Lors d’une transaction immobilière, qui paye quoi ?



Pour éviter les surprises de dernière minute et des malentendus, voici un aperçu des différentes répartitions des frais et factures entre l’acquéreur et le vendeur lors de transactions immobilières.


Ce que doit payer le vendeur

- Pour pouvoir mettre en vente son bien, le vendeur doit faire réaliser des diagnostics qui sont aujourd’hui obligatoires. Le coût pourra varier selon la superficie du bien ainsi que son état. Voici la liste des diagnostics obligatoires :
• Présence ou absence de mérules (pas de durée de validité),
• Présence ou absence de termites (valide 6 mois),
• Diagnostic d’amiante (valide 3 ans),
• Risque d’exposition au plomb (validité permanente sauf si présence de plomb : 1 an),
• État d’installation intérieure de gaz, si il y en a (validité 3 ans),
• État d’installation électrique (validité 3ans),
• État des risques naturels, miniers ou technologiques (validité 3 ans),
• La mesure « loi Carrez » (validité illimitée),
• Le diagnostic des performances énergétiques (validité 10 ans).

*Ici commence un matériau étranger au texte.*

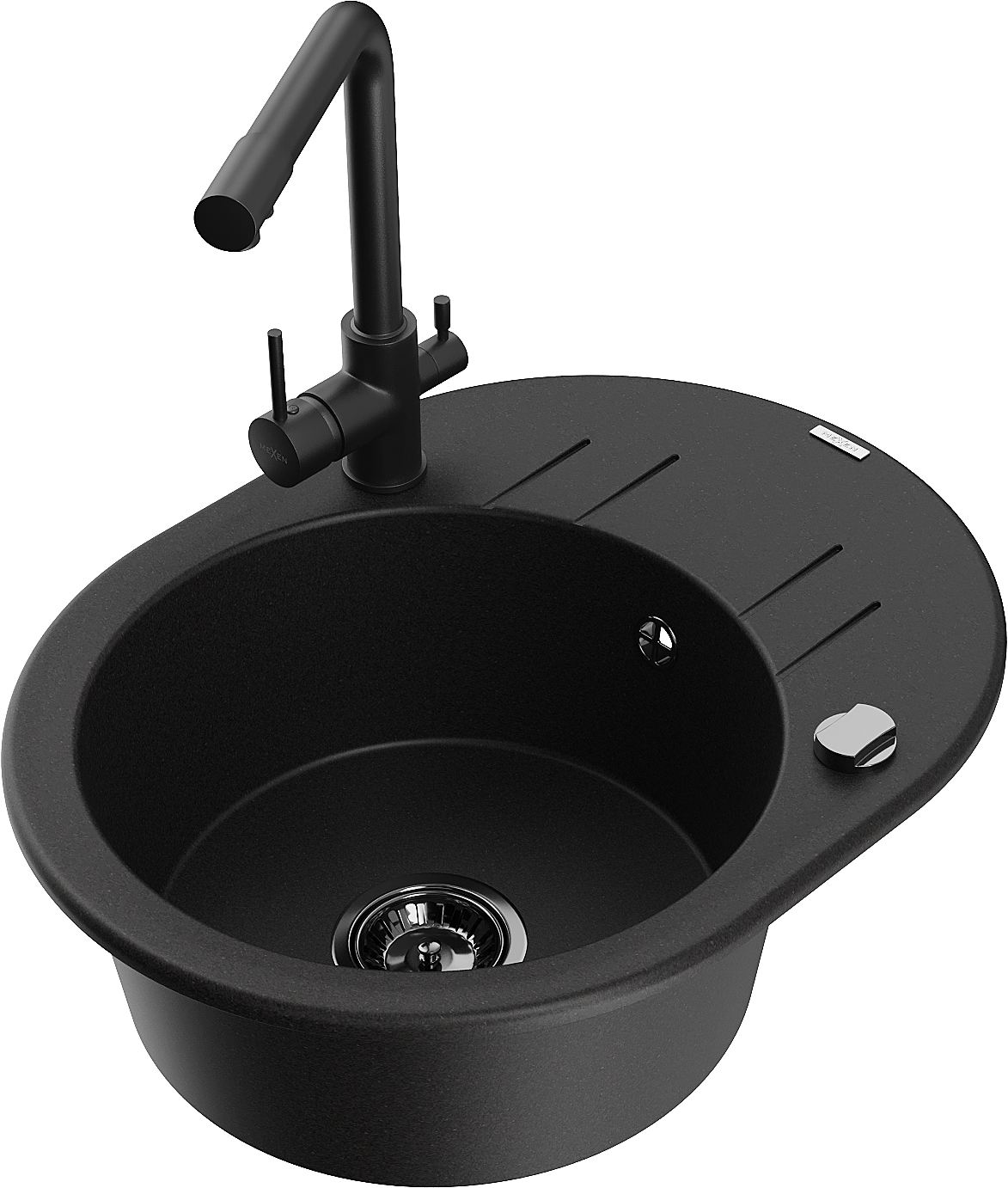 Mexen Kevin lavello in granito a 1 vasca con scolapiatti e miscelatore cucina Duero, nero - 6517-77-671600-70-B

- Si le bien est grevé d’une inscription hypothécaire en cours de validité, il devra payer les frais de mainlevée ainsi que le remboursement du créancier.

- Si le bien vendu est un lot de copropriété, le vendeur devra payer au syndic certaines charges :
• les honoraires de mutation liés aux documents, que le syndic a transmis au notaire,
• les charges de copropriété qu’il n’aurait pas réglées.

- Si la vente est réalisée avec le concours d'un professionnel de l'immobilier, ses honoraires seront en principe à la charge du vendeur.


Ce que doit payer l’acheteur

- Les frais d’acte couramment appelé les « frais de notaire » qui sont composés :
• des droits d’enregistrement,
• des frais de publication au fichier immobilier,
• des frais engagés par les notaires,
• de la rémunération de l’office national,
• des honoraires de négociation si il y en a.

Les remboursements entre vendeur et acquéreur

Le plus souvent, à la signature de l’acte, le notaire établit un compte de remboursement entre les parties.
Notamment le remboursement par l’acquéreur au vendeur du prorata de taxe foncière qui est calculé pour l’année en cours à compter de la date de signature définitive.
Si le bien vendu est un lot de copropriété, il faudra que le vendeur paye au prorata les charges de copropriété à compter de la date de signature.
Enfin, le vendeur devra rembourser l’acquéreur du prorata pour le mois en cours du dépôt de garantie versé par le locataire, si le bien est vendu loué.